--- Supplied data Enclosed Below ---
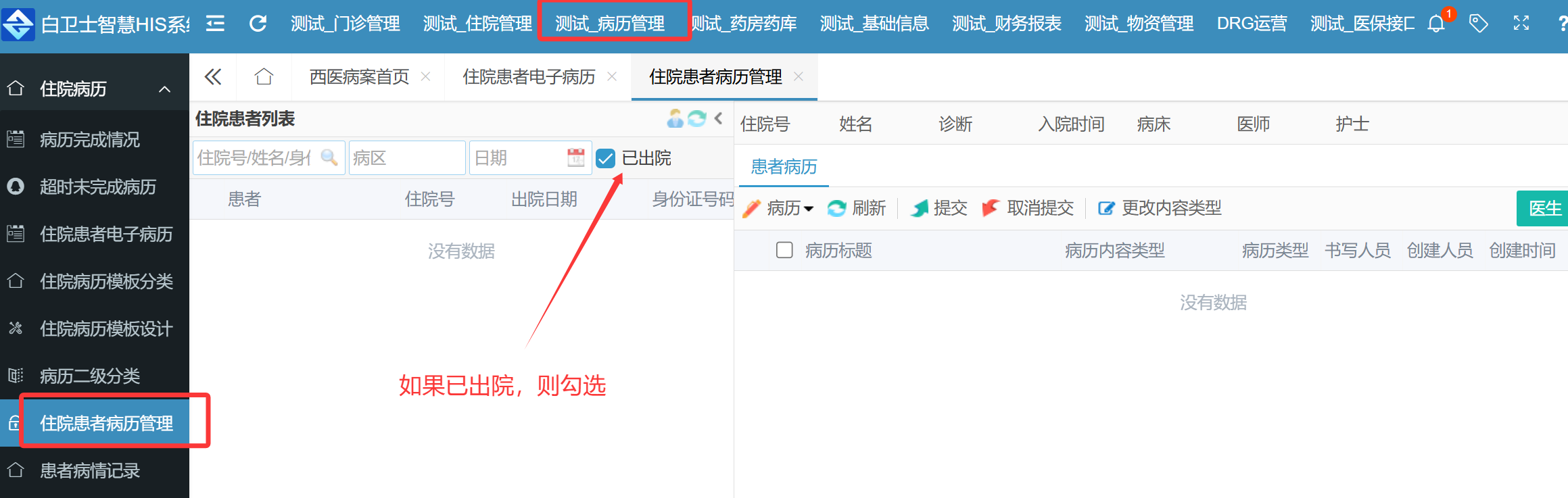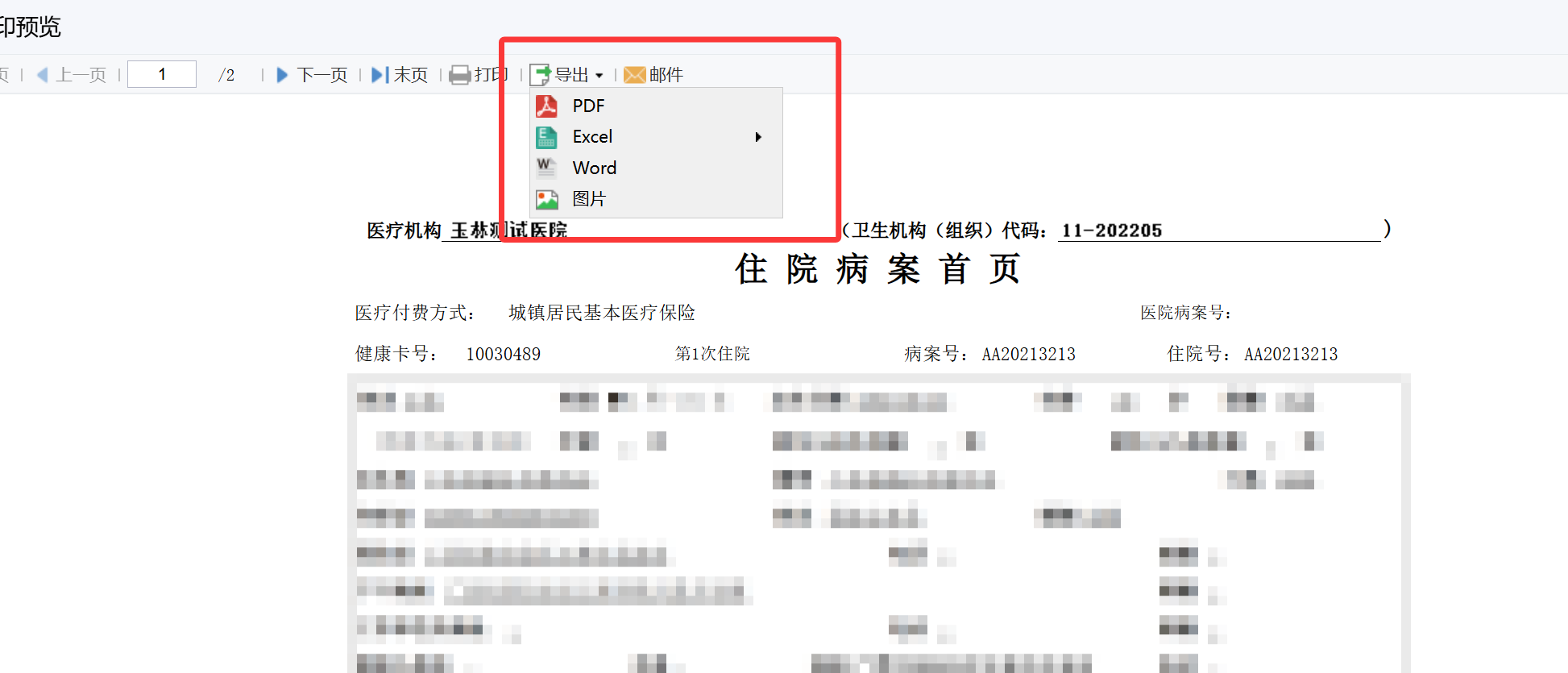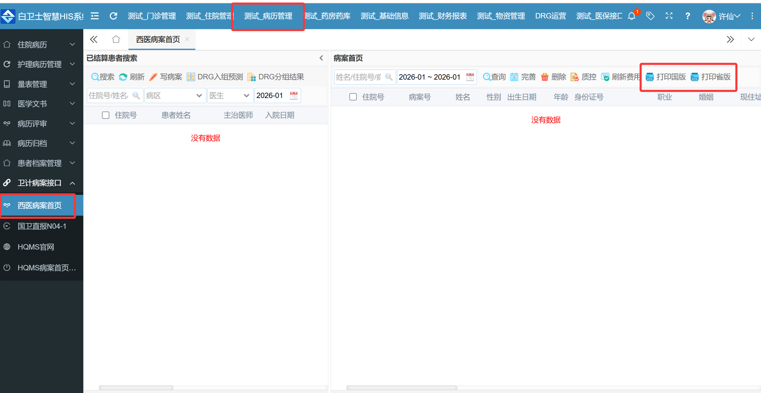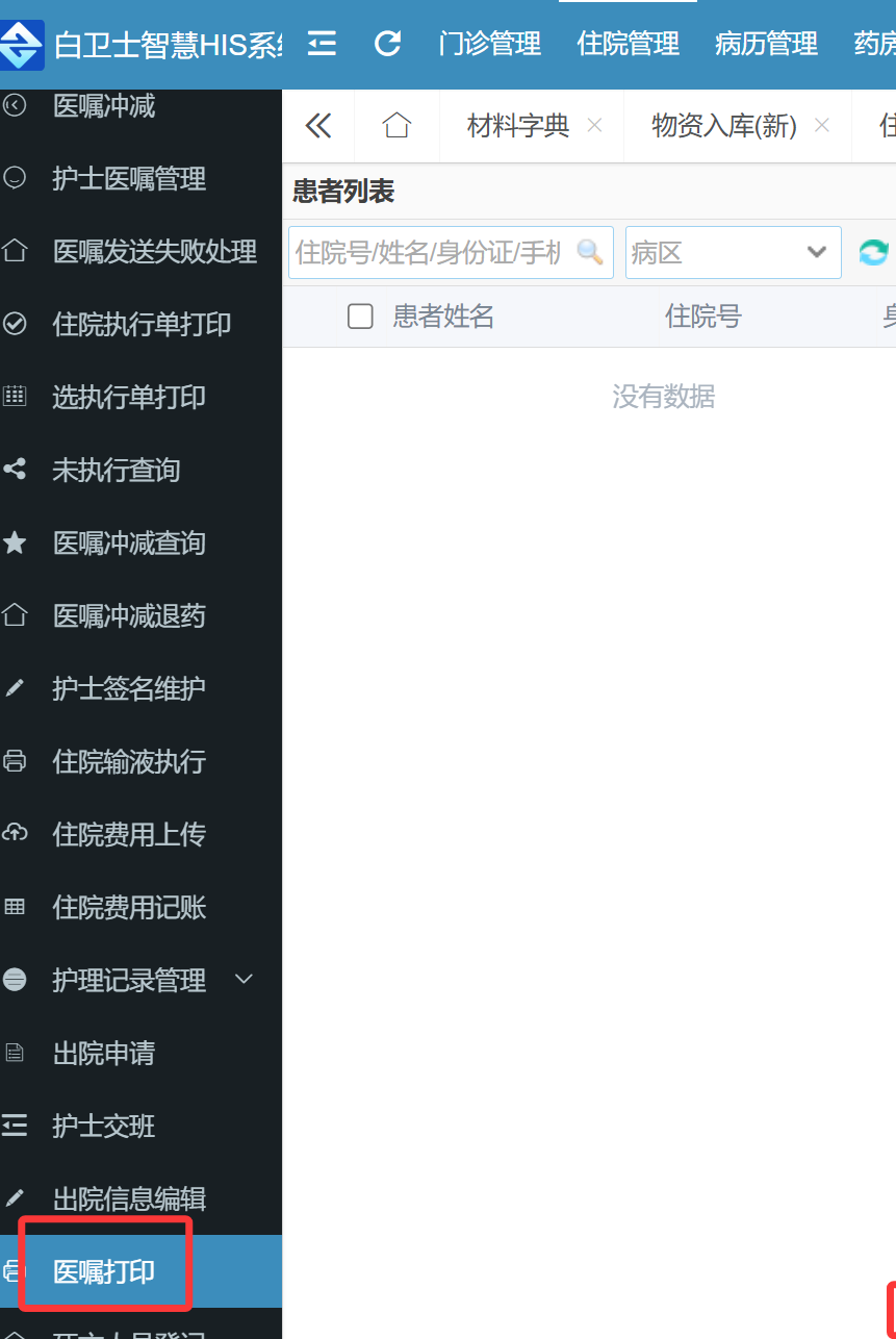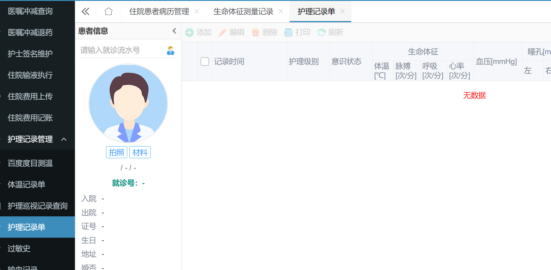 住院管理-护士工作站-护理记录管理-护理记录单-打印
--- End of Enclosed Supplied data ---
--- Supplied data Enclosed Below ---
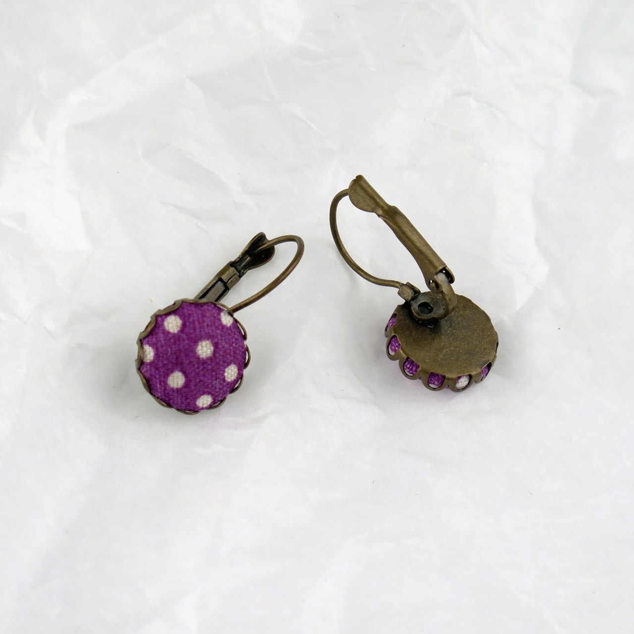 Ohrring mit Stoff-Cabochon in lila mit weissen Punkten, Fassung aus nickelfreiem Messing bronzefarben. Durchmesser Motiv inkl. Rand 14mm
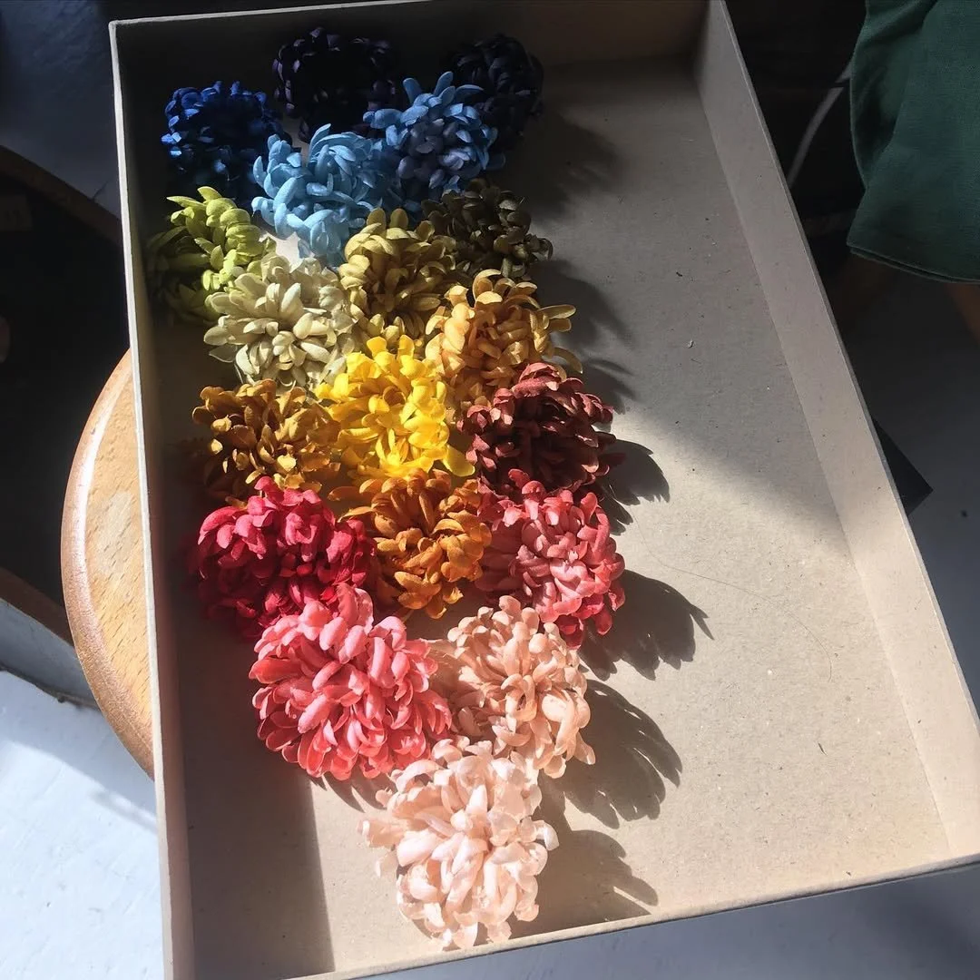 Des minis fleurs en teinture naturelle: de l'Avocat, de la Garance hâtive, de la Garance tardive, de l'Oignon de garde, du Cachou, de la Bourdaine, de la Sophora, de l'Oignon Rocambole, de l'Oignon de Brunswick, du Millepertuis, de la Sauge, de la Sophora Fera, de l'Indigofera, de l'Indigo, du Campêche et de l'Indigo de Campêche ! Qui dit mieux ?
--- End of Enclosed Supplied data ---
## Problem description:
Using the data above, give again exactly the lines starting at the one holding "Ohrring mit Stoff-Cabochon" and ending at the one holding "Des minis fleurs", inclusive, and nothing more. Omit the pictures.

## Task output:
 Ohrring mit Stoff-Cabochon in lila mit weissen Punkten, Fassung aus nickelfreiem Messing bronzefarben. Durchmesser Motiv inkl. Rand 14mm
 Des minis fleurs en teinture naturelle: de l'Avocat, de la Garance hâtive, de la Garance tardive, de l'Oignon de garde, du Cachou, de la Bourdaine, de la Sophora, de l'Oignon Rocambole, de l'Oignon de Brunswick, du Millepertuis, de la Sauge, de la Sophora Fera, de l'Indigofera, de l'Indigo, du Campêche et de l'Indigo de Campêche ! Qui dit mieux ?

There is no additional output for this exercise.